Monday, June 27, 2016

Phase 2 - Adult Life. Doing it right?

I think I have to officially start this post to constantly remind myself that I am an adult now and it is okay to take a break and breathe and rest.

To the most extreme, my life now is so quiet and stagnant nowadays. Gone were the busy days.

Going out on weekday nights are no longer all shopping and extravagant bars with new friends but small talks with close friends nearby instead.

Going out on weekends are no longer events and packed agenda with the intention to socialise but just strolling down the streets with one or two buddies or sometimes alone.
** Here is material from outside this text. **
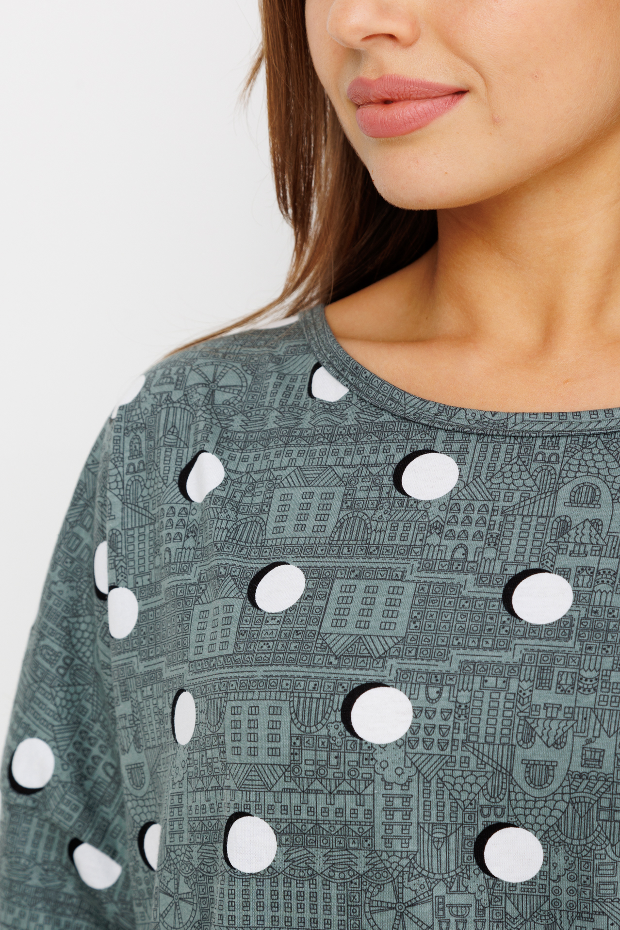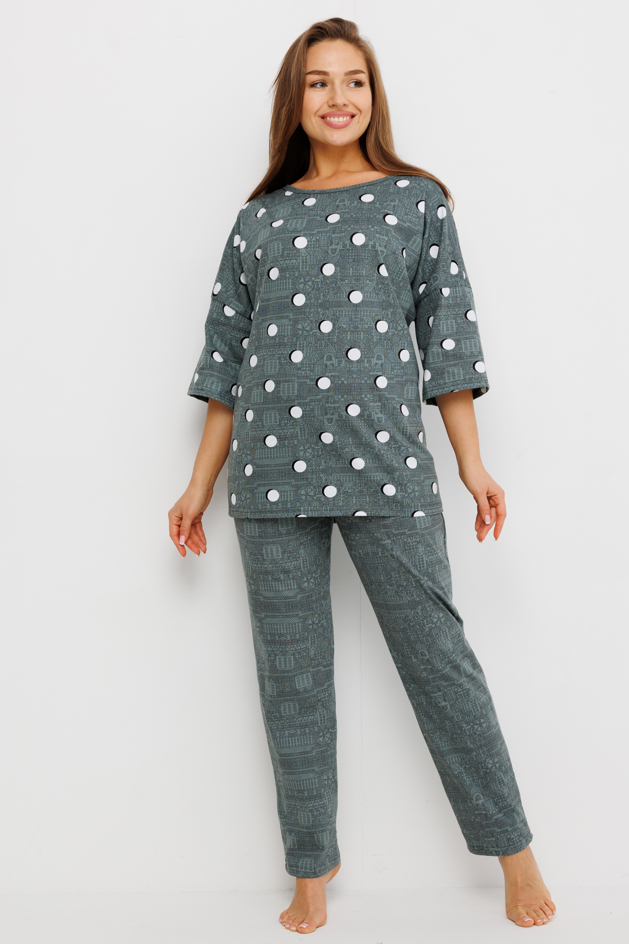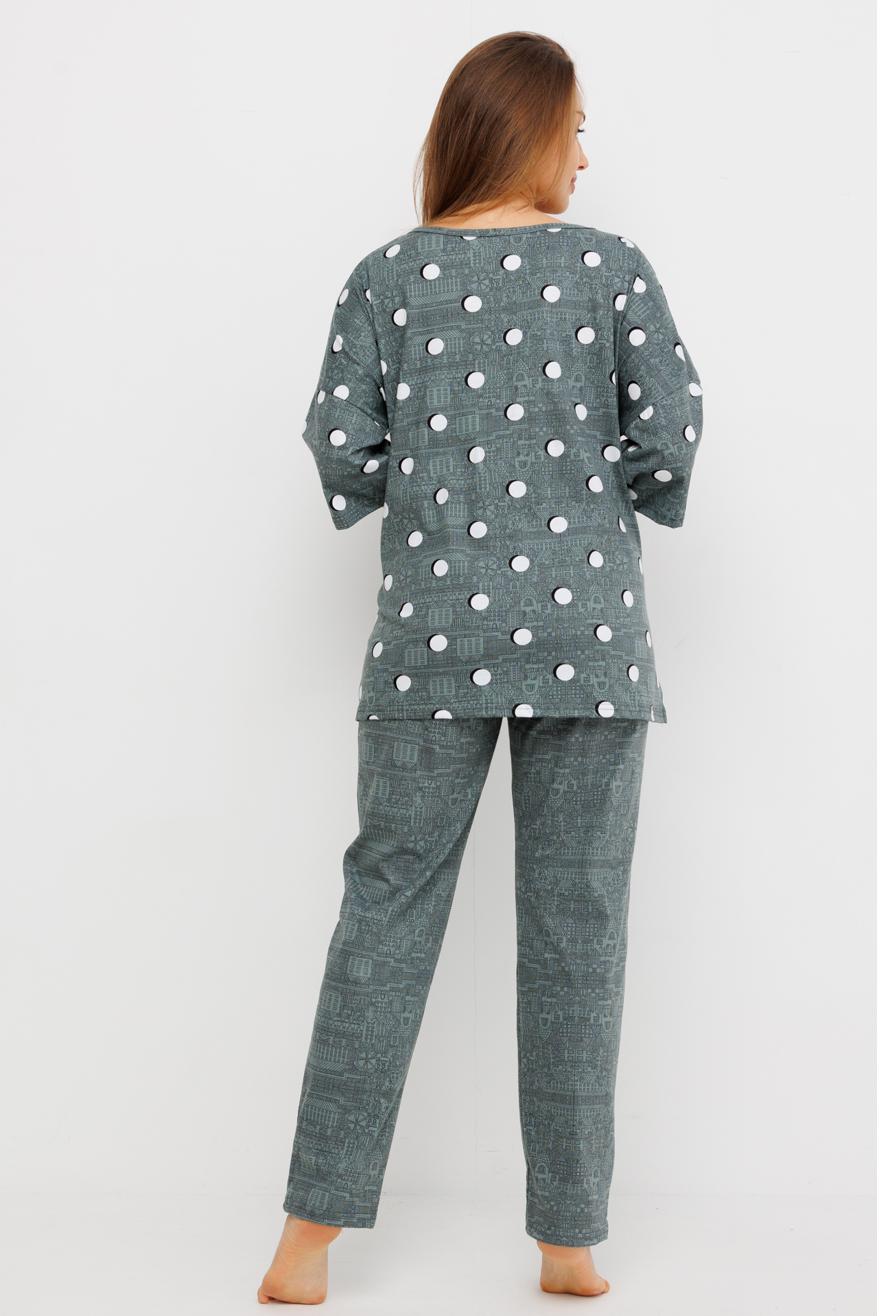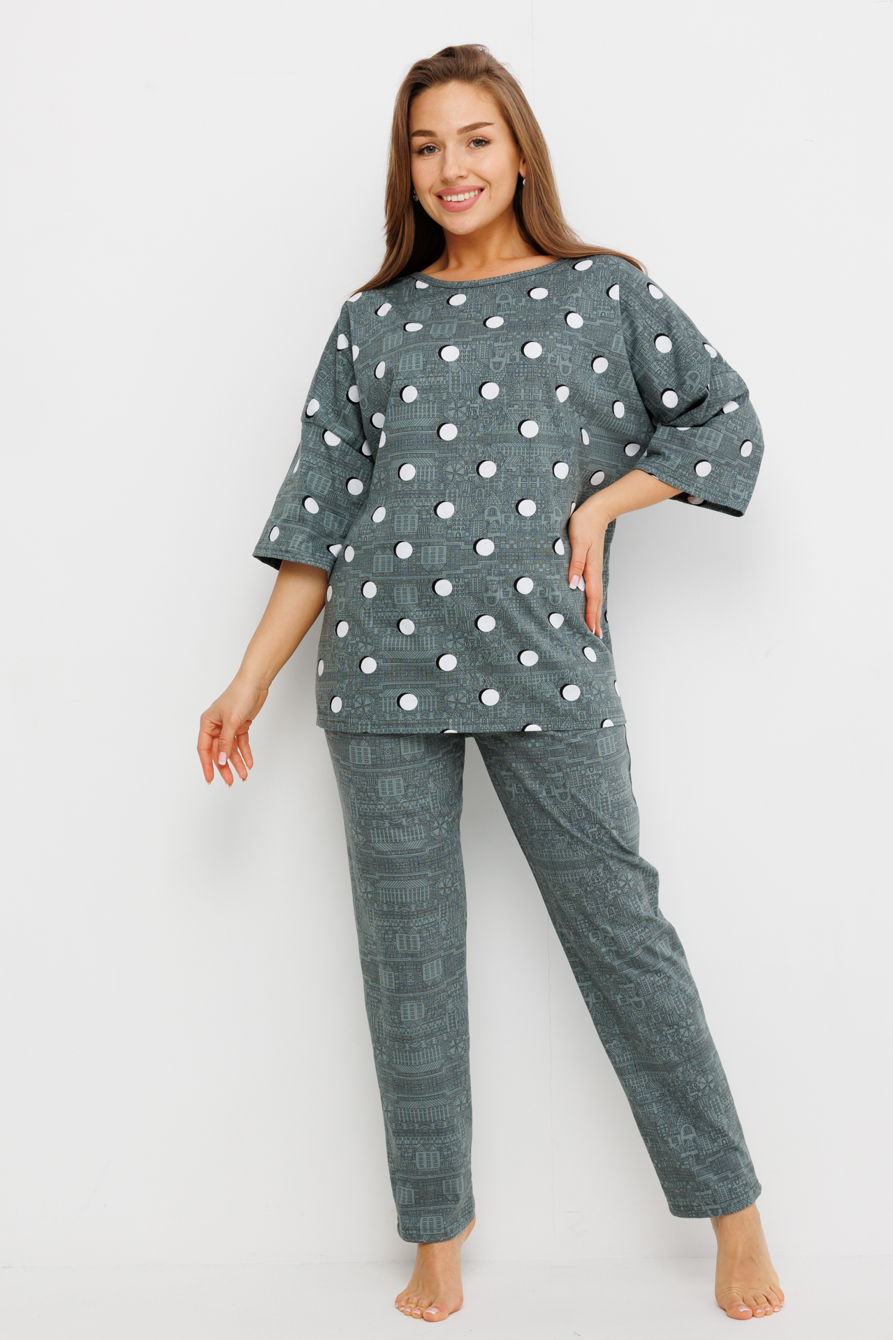 Женский домашний костюм свободного силуэта, выполненный из тканей-компаньонов.

Weekends morning will just be morning jogs and workouts. Some plans in the afternoon with a small bunch of peeps. If not, house chores or a visit to my grandparents' place, I love them a lot, they are my happy pill.
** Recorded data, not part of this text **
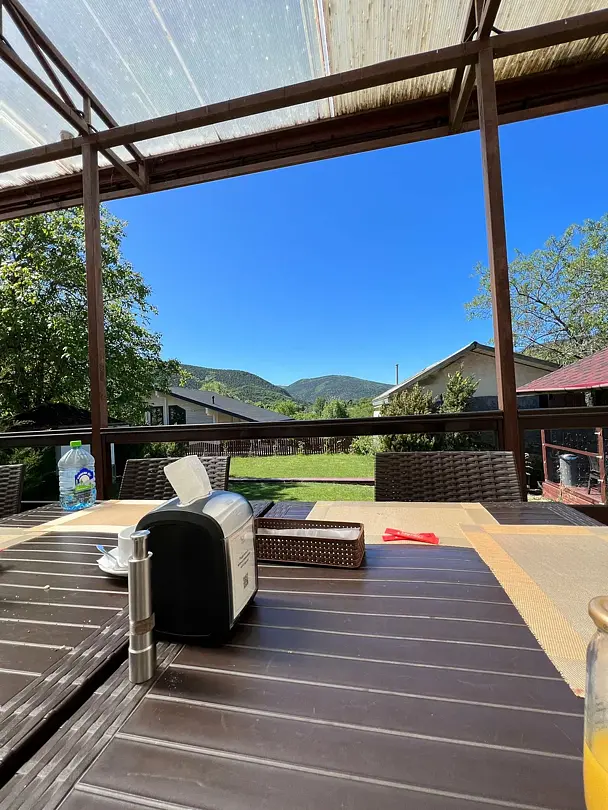 Короткий отпуск с друзьямиУзунджаПобывали в Байдарской долине, о гостевом доме "Узунджа" ничего не знали. Находится в потрясающе красивом месте, сам дом и территория супер-премиум! Оказалось, его владелец супер шеф-повар с многочисленными регалиями! В ресторане можно купить изумительные сыры, вкуснейшее сыровяленое мясо кабанчика и оригинальные напитки! Семья Софрина Ильи Сергеевича очень приветлива, туда хочется приехать вновь! Очень рекомендую💯👌
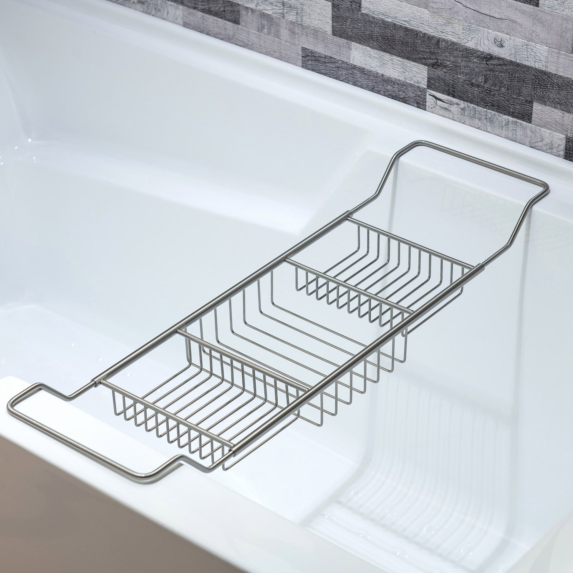 [EXTENDABLE TO SIZES]: Measure 25"L x 7-3/4"W x 1-4/5"H, this tub caddy tray is compatible with most bathtub models, shelf adjusts from 25" wide to maximum 34" wide, work well with most bathtubs, both Two Sides can be Stretched and Pulled back.
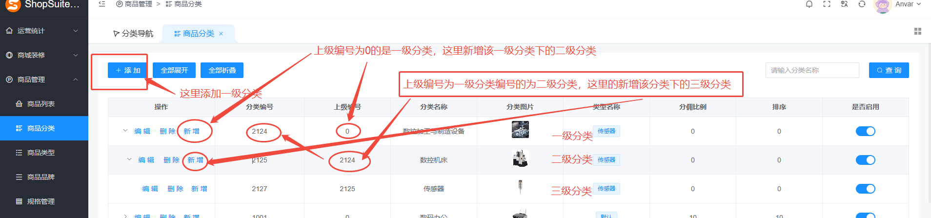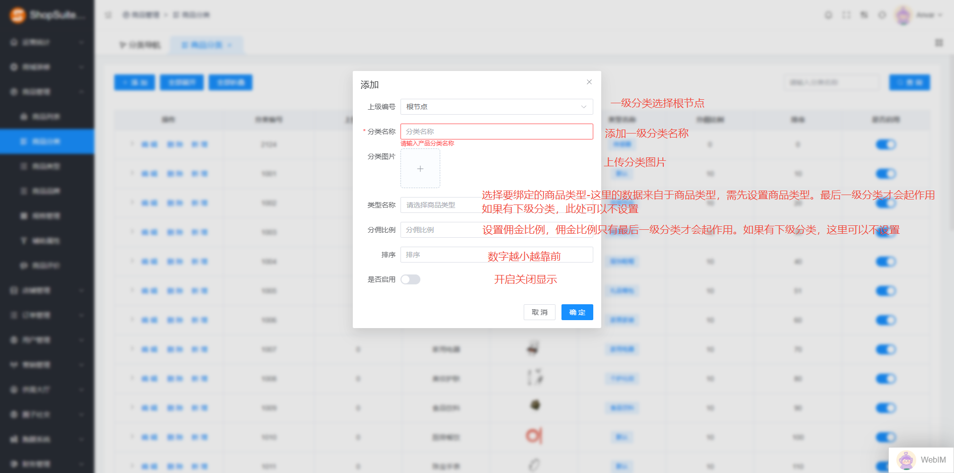 注意:添加的佣金比例只有最后一级分类才有效。
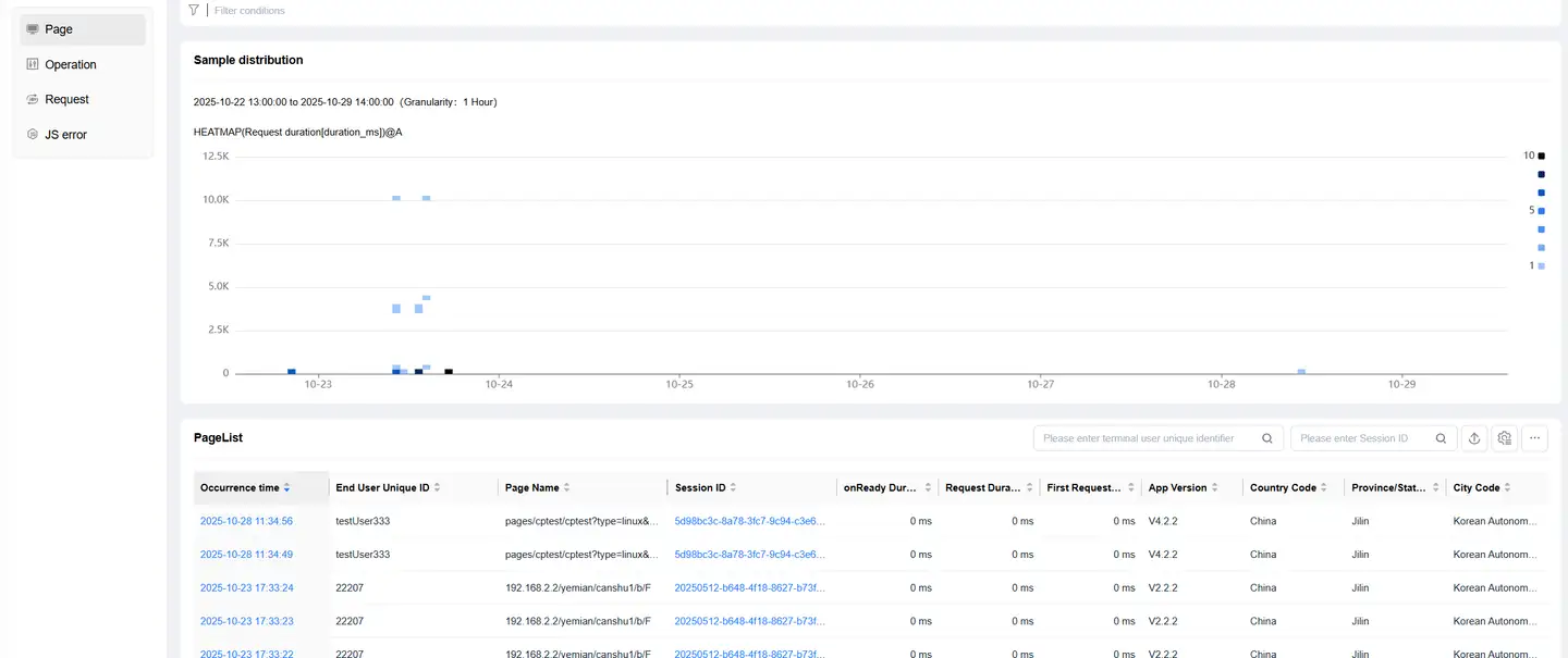 User tracking allows you to view page and operation sample data by filtering through UserID or SessionID. It also provides detailed page views.
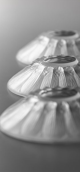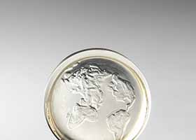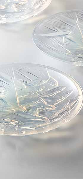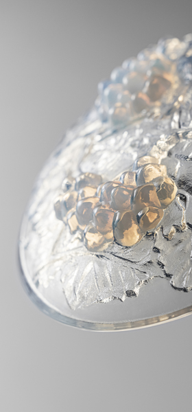 パート・ド・ヴェールの起源はかつて古代メソポタミア文明の栄えた時代にさかのぼります。型にガラスの粉やかけらを詰めて焼成する技法は、吹きガラスが発明されるローマ時代まで主流でしたが、ローマ帝国の滅亡とともに絶え、「幻の技法」と呼ばれています。

Weekdays would be work and sometimes simple dinner with one friend or two, chilling after work. However most of the time I will be working over time in the office and heading home straight zombified and having light dinner before it hits 9. Work, eat, sleep and repeat.
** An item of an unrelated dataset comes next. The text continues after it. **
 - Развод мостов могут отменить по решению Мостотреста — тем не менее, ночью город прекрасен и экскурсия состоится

Communication also much less of a chore now with only the few familar group chat/ friend chat buzzing; on somedays none but it is alright. Gone were the days of chats popping out consecutively 24/7 from all the 101 people I know.

Topics include the future, job searching, job woes, relationship woes, fangirling moments, girl problems, travel etc... Not about what style to follow, most happening event, random "i friend u and dun friend her" gossip topics. We take turns supporting and giving our advices; cos we grew to be mature and prove to be capable of handling all these.

School will be starting soon and I will have 3 evenings filled till 10pm at the least. Good time filler this.

Is this what adult life is like? The sudden drop in social life and connections. As much as I am not used to it (even though I am already 3 years in working life), I am slowly enjoying it somehow. I still need to drill this inactivity life into my mind somehow. I am not in ease doing nothing.

Sometimes I am confused. Is it normal to be like this? I do see some of my acquaintance leading a fun filled vibrant life while my lifestyle dropped drastically.

Phase 2 of my life. Still transiting. 今始まりますよ.